Head of the Sports Sector in the Security Affairs Department of the Central Committee of the SED
- In office January 1953 – 20 May 1959
- Secretary: Erich Honecker; Paul Verner;
- Preceded by: Position established
- Succeeded by: Rudolf Hellmann

Personal details
- Born: Franz Rydz 27 May 1927 Salsitz, Province of Saxony, Free State of Prussia, Weimar Republic (now Saxony-Anhalt, Germany)
- Died: 20 November 1989 (aged 62) Kienbaum, Bezirk Frankfurt (Oder), East Germany
- Cause of death: Suicide by firearm
- Party: Socialist Unity Party
- Alma mater: "Karl Marx" Party Academy;
- Occupation: Sports Official; Party Functionary;
- Central institution membership 1959–1976: Member, FDJ Central Council ; Other offices held 1970–1989: Treasurer, National Olympic Committee of the German Democratic Republic ; 1961–1989: Vice President, Deutscher Fußball-Verband der DDR ; 1966–1989: Vice President, Deutscher Turn- und Sportbund ; 1959–1966: Secretary, Deutscher Turn- und Sportbund ;

= Franz Rydz =

German politician (1927–2007)

Franz Rydz (27 May 1927 – 20 November 1989) was an East German high-ranking sports official and party functionary of the Socialist Unity Party (SED).

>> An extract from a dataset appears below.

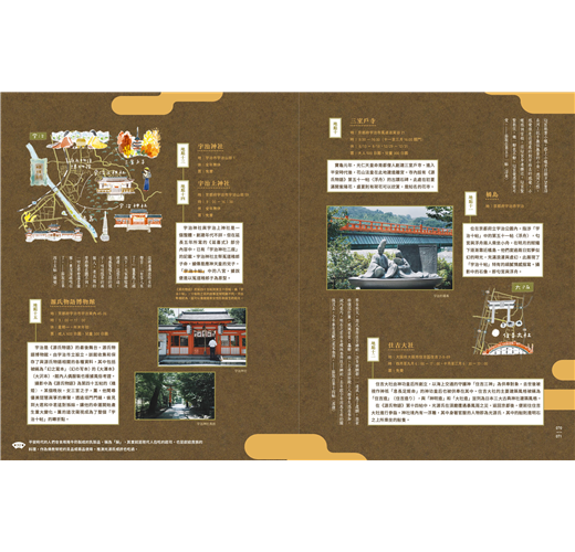 石山寺 廬山寺 平安宮朝堂院太極殿跡 上賀茂神社 住吉大社 渡月橋 平等院 橋姬社 宇治神社 三室戶寺 橘島 源氏物語博物館⋯⋯等15處小說舞台

Rydz started his career in the SED apparatus, later serving as a high-ranking official in several East German sports organizations, including as vice president of both the German Gymnastics and Sports Federation and the East German German Football Association.

Early on during the Peaceful Revolution, Rydz shot himself.

== Life and career ==
Rydz was born on 27 May 1927 in Salsitz, then part of the Prussian Province of Saxony. Following the establishment of East Germany, Rydz served as chairman of the State Sports Committee of Saxony-Anhalt from 1950 to 1952.

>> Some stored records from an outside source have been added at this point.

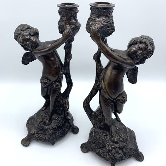 Vintage Bronze Art Nouveau-Style Cherub Candlesticks /hg
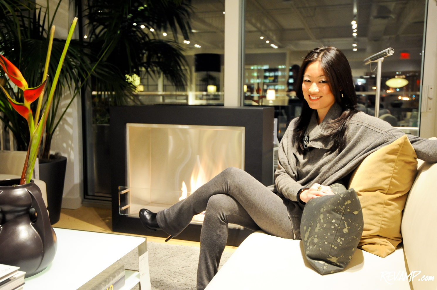 Pamela's Punch's Pamela Sorensen enjoys the warm glow emanating from one of Room & Board's new EcoSmart fireplaces.
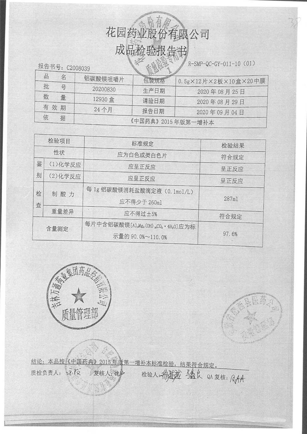 | 铝碳酸镁咀嚼片 | 0.5g*12*2 | 20200830 | 查看详情 |

After attending the SED's "Karl Marx" Party Academy, he joined the apparatus of the Central Committee of the SED as head of the newly established Youth and Sports Sector in the LOPMO Department in 1953, reorganized as Sports Sector in the Security Affairs Department in August 1955. This made him the highest-ranking party official for sports at the time.

In May 1959, he was transferred to the German Gymnastics and Sports Federation (Deutscher Turn- und Sportbund, DTSB), the recently created mass organization for all East German sports. He was succeeded as sector head by Rudolf Hellmann.

He initially joined the DTSB as secretary, being promoted to vice president with responsibility for finance in 1966. Additionally, he was a member of the Central Council of the Free German Youth from 1959 to 1976. Furthermore, he was vice president of the East German Football Association of the German Democratic Republic starting in 1961 and, from 1970, treasurer of East Germany's National Olympic Committee.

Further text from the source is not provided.